*WORK ORDER:* Starting at the line containing "Soap dispenser&cup 2色box" and ending at the line containing "Model No.: X8258: internal", transcribe the listing below exactly. Keep both end lines, skip the pictures, and copy nothing else.

*INPUT FOR THIS TASK:*
== Segment start ==

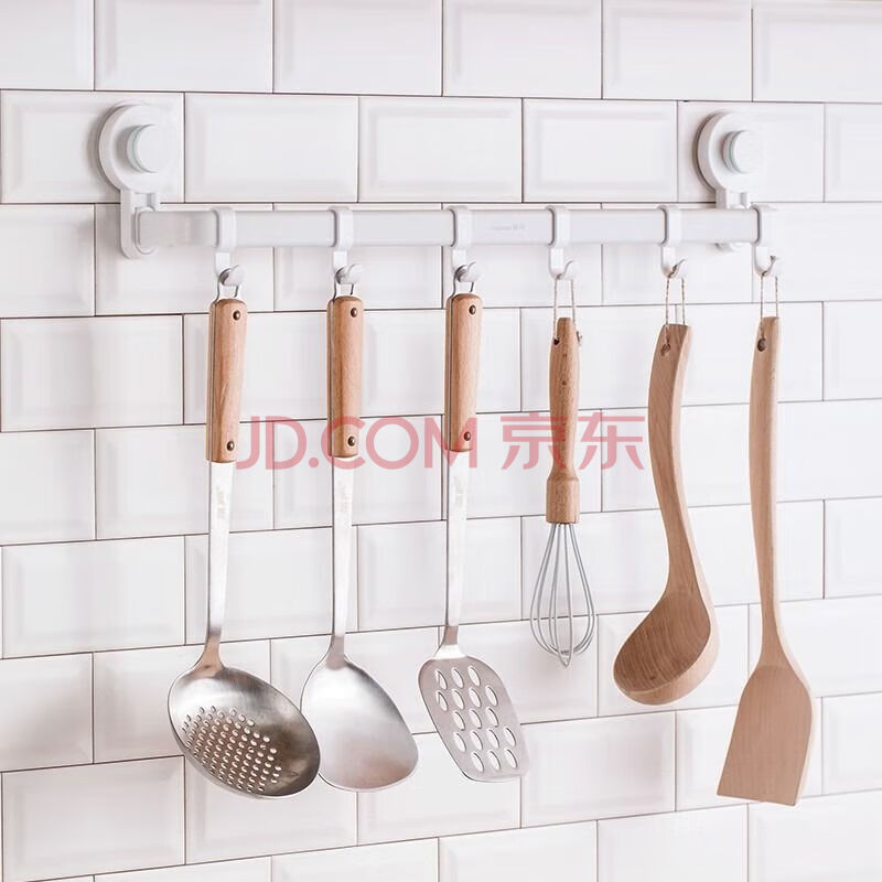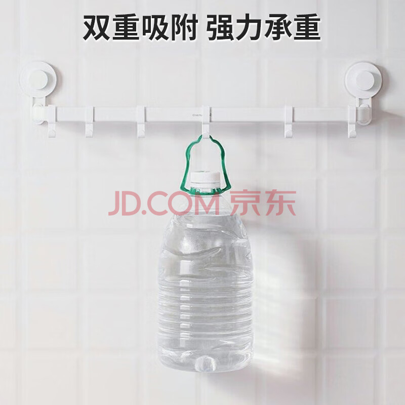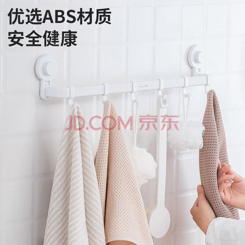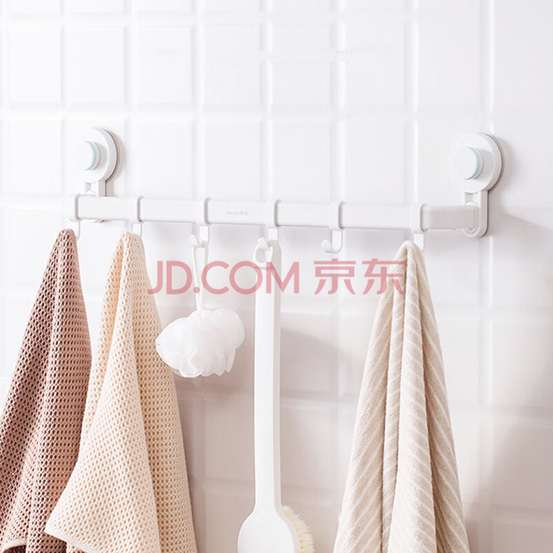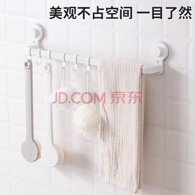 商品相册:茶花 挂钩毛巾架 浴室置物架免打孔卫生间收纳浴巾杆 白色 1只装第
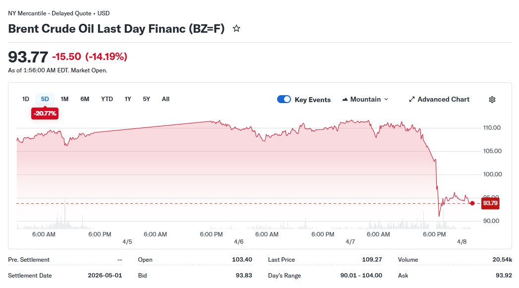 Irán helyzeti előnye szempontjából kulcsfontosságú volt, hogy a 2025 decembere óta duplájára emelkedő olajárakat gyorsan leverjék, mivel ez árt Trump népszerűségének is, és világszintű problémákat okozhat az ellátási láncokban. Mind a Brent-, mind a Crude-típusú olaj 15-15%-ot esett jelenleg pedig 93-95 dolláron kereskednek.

== Segment end ==
== Segment start ==

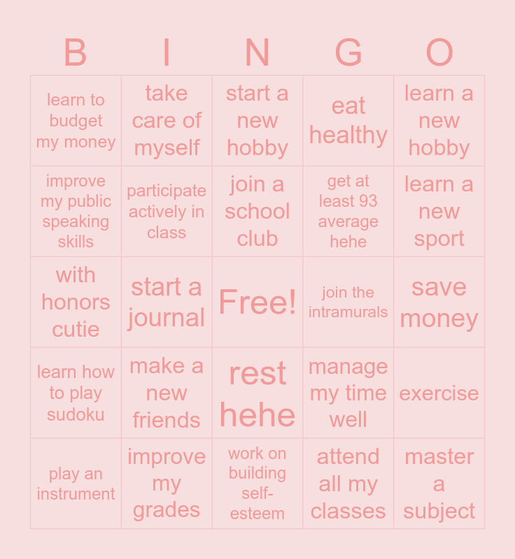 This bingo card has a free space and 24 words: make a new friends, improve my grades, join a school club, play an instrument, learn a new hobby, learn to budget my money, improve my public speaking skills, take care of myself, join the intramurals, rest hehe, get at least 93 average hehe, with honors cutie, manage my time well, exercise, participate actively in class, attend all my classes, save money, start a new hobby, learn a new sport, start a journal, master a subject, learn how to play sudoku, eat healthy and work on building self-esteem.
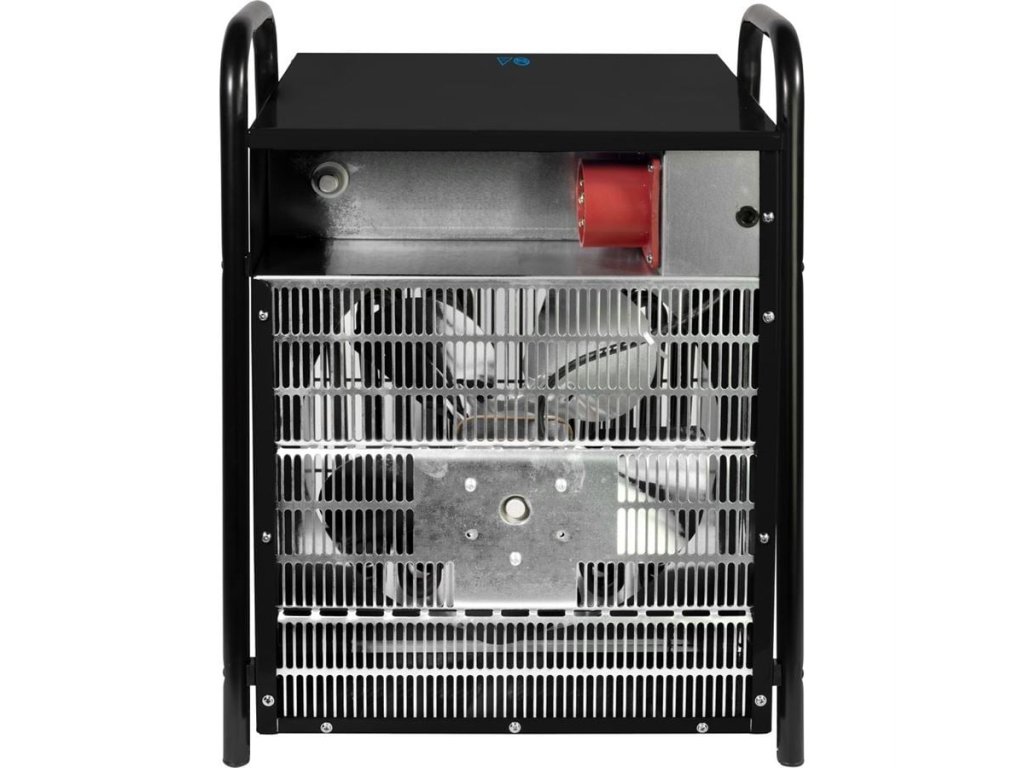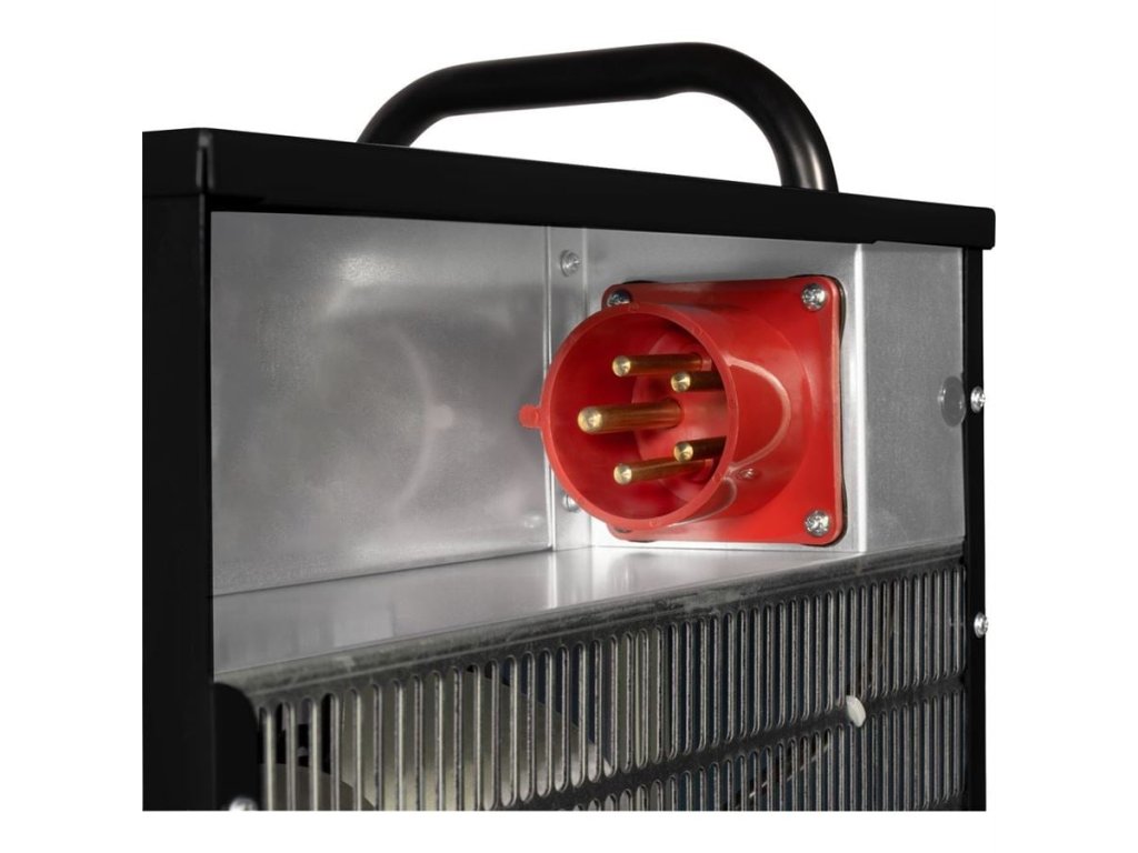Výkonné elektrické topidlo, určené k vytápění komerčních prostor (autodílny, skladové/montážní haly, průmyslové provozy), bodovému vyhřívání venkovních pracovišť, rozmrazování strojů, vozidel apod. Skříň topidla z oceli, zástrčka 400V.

== Segment end ==
== Segment start ==

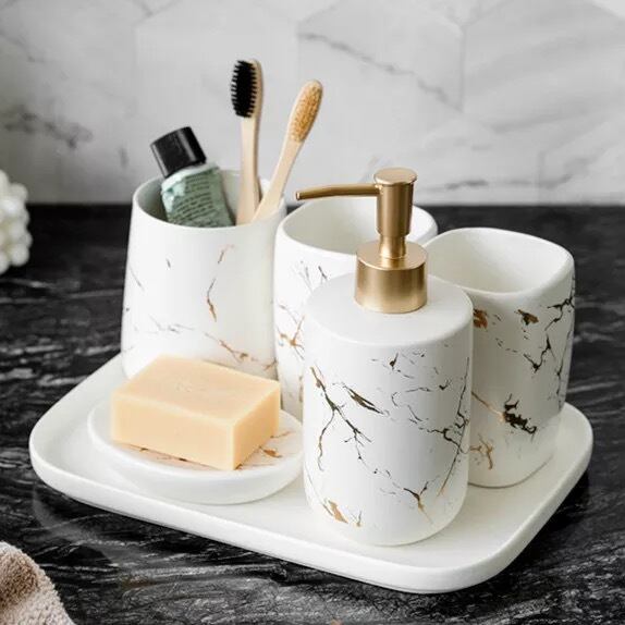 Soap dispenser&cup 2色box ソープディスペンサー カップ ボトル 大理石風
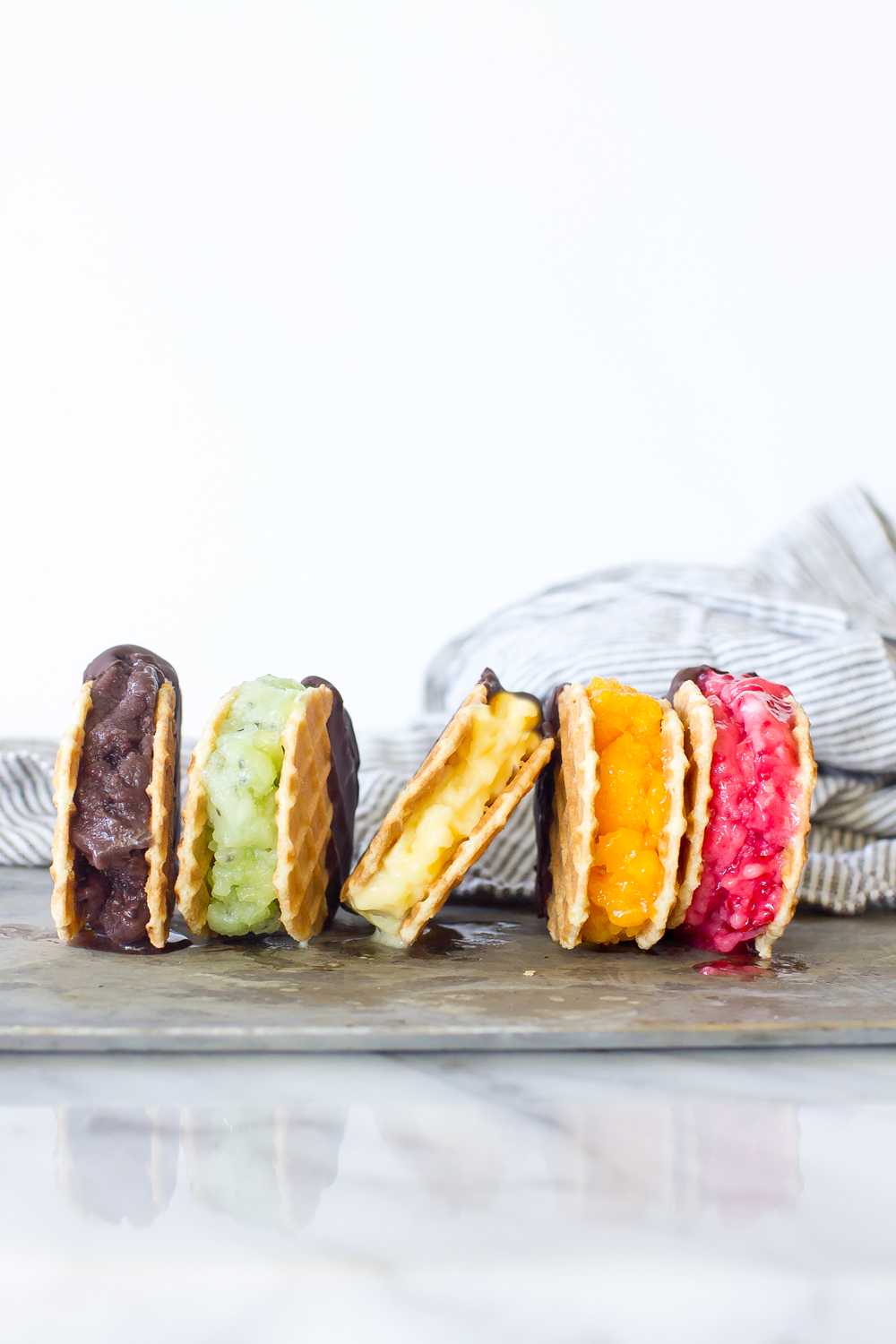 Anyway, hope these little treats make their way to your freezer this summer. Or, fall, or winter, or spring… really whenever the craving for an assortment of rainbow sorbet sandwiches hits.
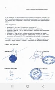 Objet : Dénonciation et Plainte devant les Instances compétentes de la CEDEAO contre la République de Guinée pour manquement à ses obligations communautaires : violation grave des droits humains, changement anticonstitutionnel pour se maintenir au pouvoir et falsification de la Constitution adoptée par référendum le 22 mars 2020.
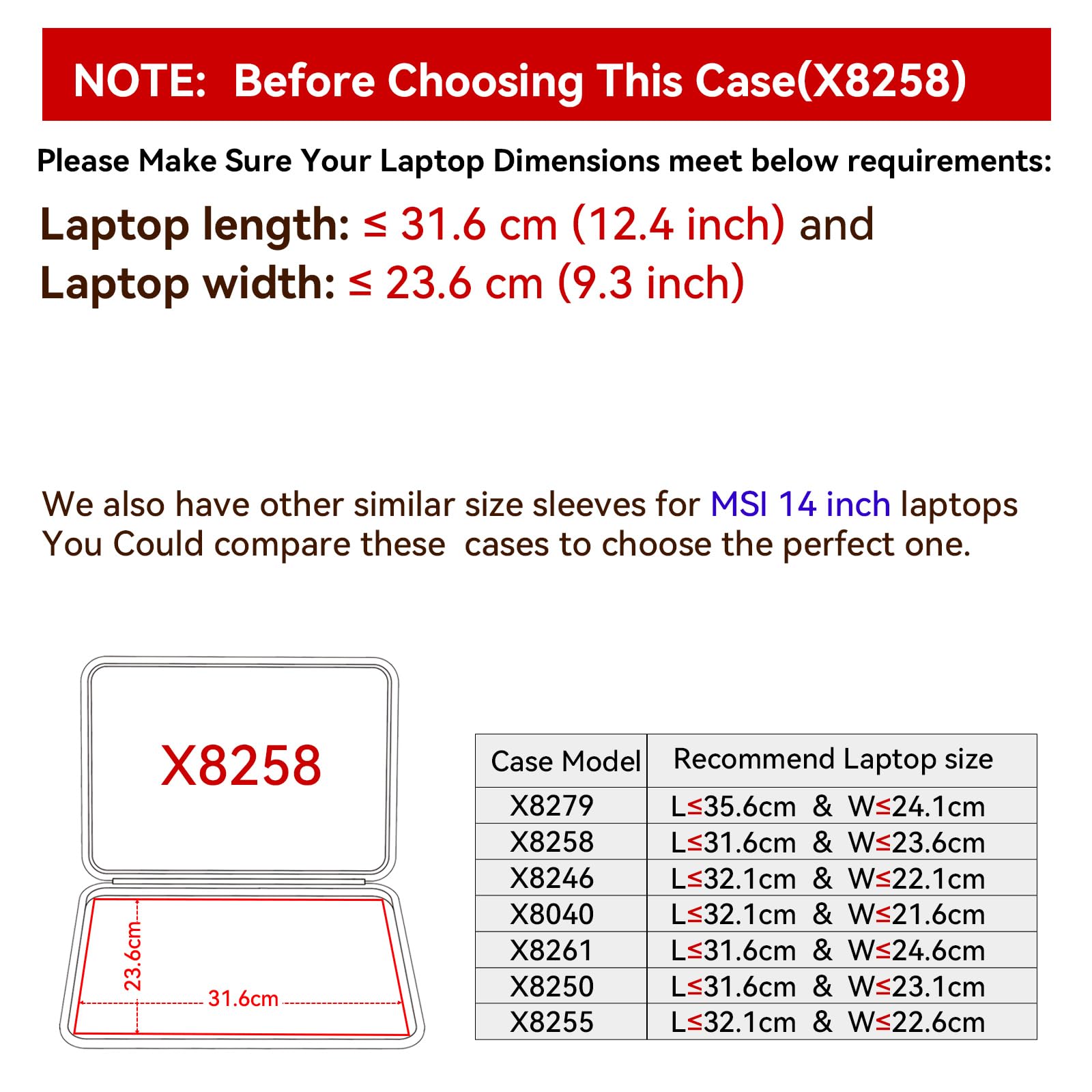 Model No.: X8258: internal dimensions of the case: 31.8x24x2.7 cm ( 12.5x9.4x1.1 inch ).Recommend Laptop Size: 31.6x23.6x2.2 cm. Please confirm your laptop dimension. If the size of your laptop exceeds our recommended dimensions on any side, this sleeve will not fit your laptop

== Segment end ==

*THE COMPLETED TASK:*
 Soap dispenser&cup 2色box ソープディスペンサー カップ ボトル 大理石風
 Anyway, hope these little treats make their way to your freezer this summer. Or, fall, or winter, or spring… really whenever the craving for an assortment of rainbow sorbet sandwiches hits.
 Objet : Dénonciation et Plainte devant les Instances compétentes de la CEDEAO contre la République de Guinée pour manquement à ses obligations communautaires : violation grave des droits humains, changement anticonstitutionnel pour se maintenir au pouvoir et falsification de la Constitution adoptée par référendum le 22 mars 2020.
 Model No.: X8258: internal dimensions of the case: 31.8x24x2.7 cm ( 12.5x9.4x1.1 inch ).Recommend Laptop Size: 31.6x23.6x2.2 cm. Please confirm your laptop dimension. If the size of your laptop exceeds our recommended dimensions on any side, this sleeve will not fit your laptop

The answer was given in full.